Running Docker in Production: three use cases and the good, the bad and the ugly

At the first Docker Helsinki Meetup for 2017 on January 17th, we heard about three interesting use cases of the ins and outs of how Docker is used in production at Solita, Zalando and Pipedrive. We also heard about the good, the bad and the ugly of running Docker in production.

Solita's Use Case

Firstly, Heikki Simperi from Solita explained how his company uses Docker to handle the various apps and systems associated with their management of the Finnish National Railway Service (VR), as well as the problems they've run into when using Docker.

Solita runs a variety of their own apps on Docker, including a navigator for train drivers, a construction notification system and a traffic controller app. Heikki reiterated that it's important for the downtime to be minimal when the apps involved are ones responsible for railway management and that "anything over a 3-5 min downtime causes delays for trains, but nobody dies".

Most of the issues they experienced using Docker were related to building an image, having a private repository, removing or starting up a container, or a bug inside an app. Overall, the running usage of the Docker platform has been stable, with "zero downtime".

The problems have lessened after upgrading to each new Docker version and they are experiencing less and less problems as time goes on. They are looking forward to the release of Docker 1.12 on a stable channel from Red Hat.

Zalando's Use Case

Secondly, Rami Rantala delved into how Docker is used at Zalando by all their different teams and projects to deploy production systems.

At the Zalando Helsinki office, which has more than 100 people working across several teams, they utilize several different production systems and work on projects related to search, same-day-delivery and partners etc., and take the Radical Agility approach to running their platforms.

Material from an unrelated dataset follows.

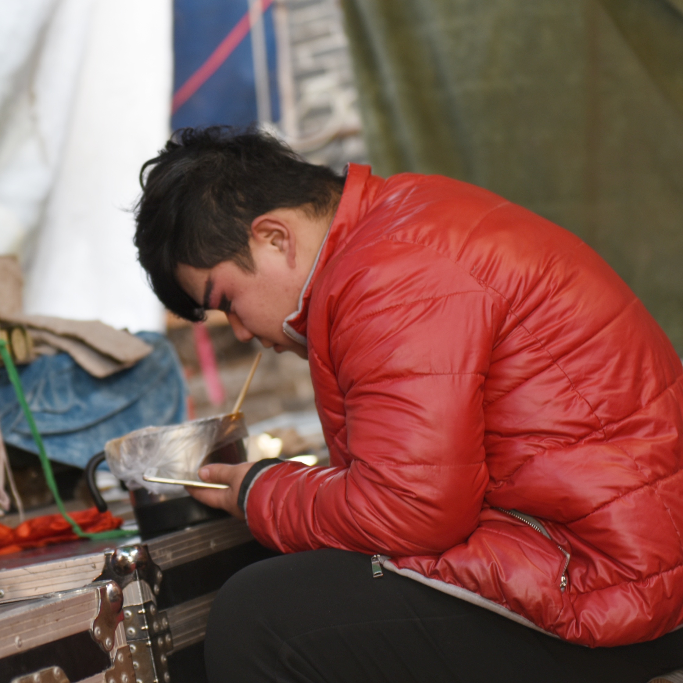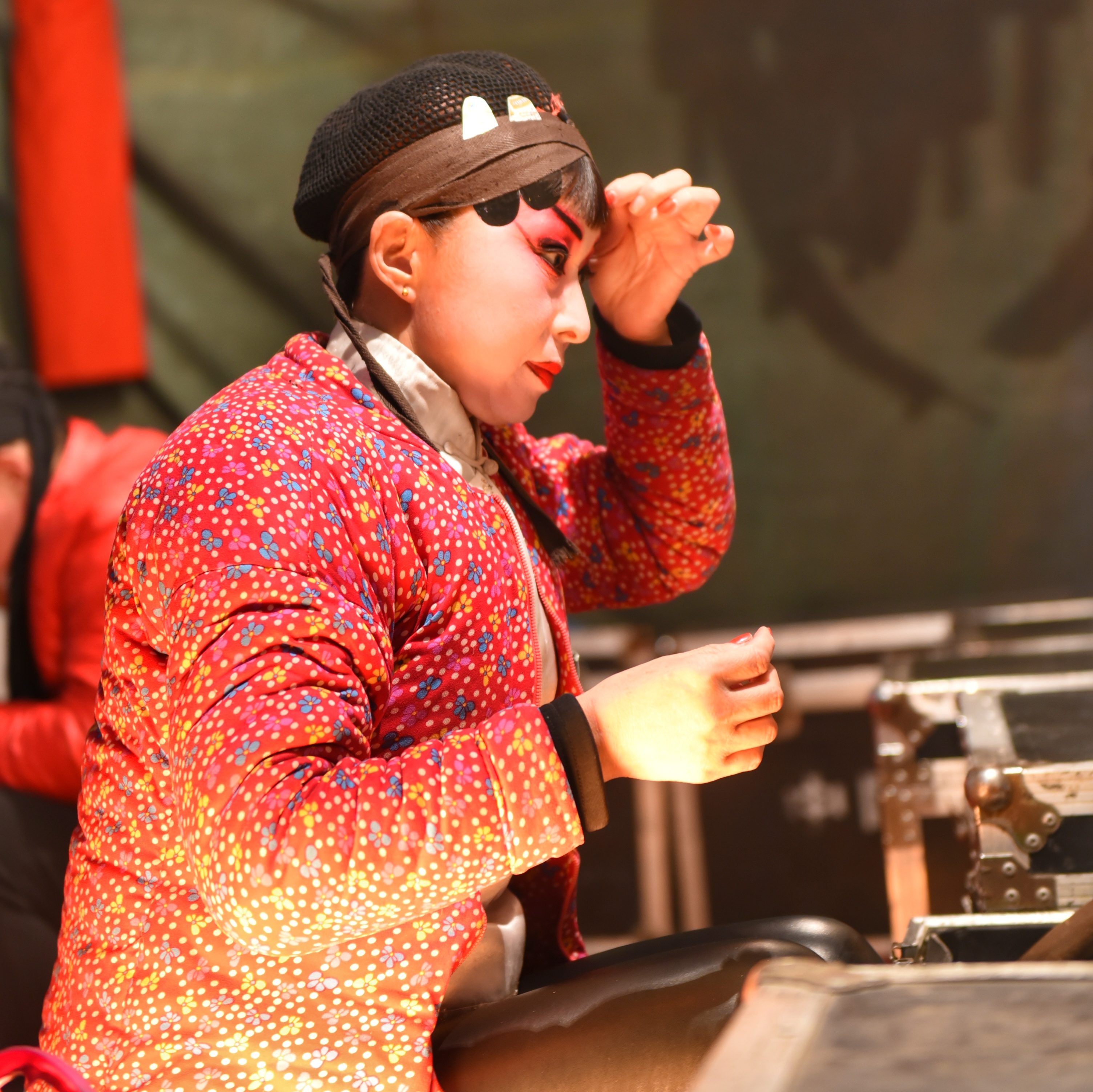 童年的記憶中我們這些頑皮的孩子,也不會依偎在父母的身旁去看、去聽自己不懂的戲曲,忙碌的后臺倒是吸引著我們的好奇心,演員的化妝、上臺前的準備、五顏綠色的戲服、一張張的大花臉,都是那么的新奇、好玩。當然此刻的我們還是那么的好奇,只是現(xiàn)在的手中多了一部單反。

Each autonomous team has their own AWS account and go against the advice that you shouldn't run Docker in production; according to Rami "anything that runs in AWS runs with Docker", with Docker being the only allowed method to deploy production systems at Zalando. They also have their own Docker repo (Pierone), their own Docker base images and run one container per instance and always deploy a full stack.

Some areas with room for improvement include: deployments are slow, they lose some of the benefits of Docker with container communication layers, and the expense of running one container per instance, as this means there are thousands of instances. Another issue identified is that Docker sometimes breaks Pierone.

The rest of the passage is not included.